Simulate GWAS from either individual level genotype or LD matrix
Source:R/simulate.R
simulate_gwas.Rd
This function simulate GWAS marginal regression coefficients
and approximated standard error with with genotype \(\mathbf{X}\)
and phenotype \(\mathbf{y}\) simulated under the standard linear model
\(\mathbf{y} = \mathbf{X} \mathbf{b} + \mathbf{e}\). It supports
two modes: (1) simulation from the individual level genotype \(\mathbf{X}\). (2)
simulation from the moment matrix XtX
: \(\mathbf{X}^T \mathbf{X}\).
In details, we want to obtain \(\widehat{b}_j=(\mathbf{X}_j^{\top}\mathbf{X}_j)^{-1}(\mathbf{X}_j^{\top}\mathbf{y})\) and \(\widehat{\text{s.e.}}(\widehat{b}_j) = \widehat{\sigma_j^2}(\mathbf{X}_j^{\top}\mathbf{X}_j)^{-1}\).

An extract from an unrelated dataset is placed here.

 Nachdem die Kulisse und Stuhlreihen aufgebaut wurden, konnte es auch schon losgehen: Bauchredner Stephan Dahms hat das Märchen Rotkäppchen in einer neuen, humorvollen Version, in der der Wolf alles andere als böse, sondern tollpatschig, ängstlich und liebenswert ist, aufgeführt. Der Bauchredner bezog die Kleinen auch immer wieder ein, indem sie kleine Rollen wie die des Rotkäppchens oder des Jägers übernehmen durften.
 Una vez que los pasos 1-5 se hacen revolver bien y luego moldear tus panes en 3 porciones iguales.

Variance explained by each SNP is typically assumed to be small. Therefore \(\widehat{\sigma_j^2}\) can be approximated with \(\widehat{\sigma_j^2}=\text{Var}[\mathbf{y}]\). We further consistently normalize \(\mathbf{y}\) such that \(\text{Var}[\mathbf{y}]=1\).

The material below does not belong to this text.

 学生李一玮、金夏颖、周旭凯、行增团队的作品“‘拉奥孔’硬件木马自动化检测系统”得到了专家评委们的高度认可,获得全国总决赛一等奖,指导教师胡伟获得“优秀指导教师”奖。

With the individual-level data \(\mathbf{X}\), we can calculate \(\widehat{b}_j\) and \(\widehat{\text{s.e.}}[\widehat{b}_j]\) with \((\mathbf{X}_j^{\top}\mathbf{X}_j)^{-1}\) and \((\mathbf{X}_j^{\top}\mathbf{y})\).

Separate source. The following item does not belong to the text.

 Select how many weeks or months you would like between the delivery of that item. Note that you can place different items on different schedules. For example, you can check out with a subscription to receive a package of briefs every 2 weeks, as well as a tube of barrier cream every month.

With the summary statistics data \(\mathbf{X}^T \mathbf{X}\), we have $$\widehat{b}_j= (\mathbf{X}_j^{\top}\mathbf{X}_j)^{-1}(\mathbf{X}_j^{\top}\mathbf{y})= (\mathbf{X}_j^{\top}\mathbf{X}_j)^{-1}[\mathbf{X}_j^{\top} (\mathbf{X}\mathbf{b}+\mathbf{e})] $$ Therefore, we can simulate \(\widehat{\mathbf{b}}\) by first sample from a multivariate normal with mean \(\mathbf{X}^\top \mathbf{X} \mathbf{b}\) and variance \(\mathbf{X}^\top \mathbf{X} \sigma_e^2\), and then multiplied by \((\mathbf{X}_j^{\top}\mathbf{X}_j)^{-1}\) to jth entry.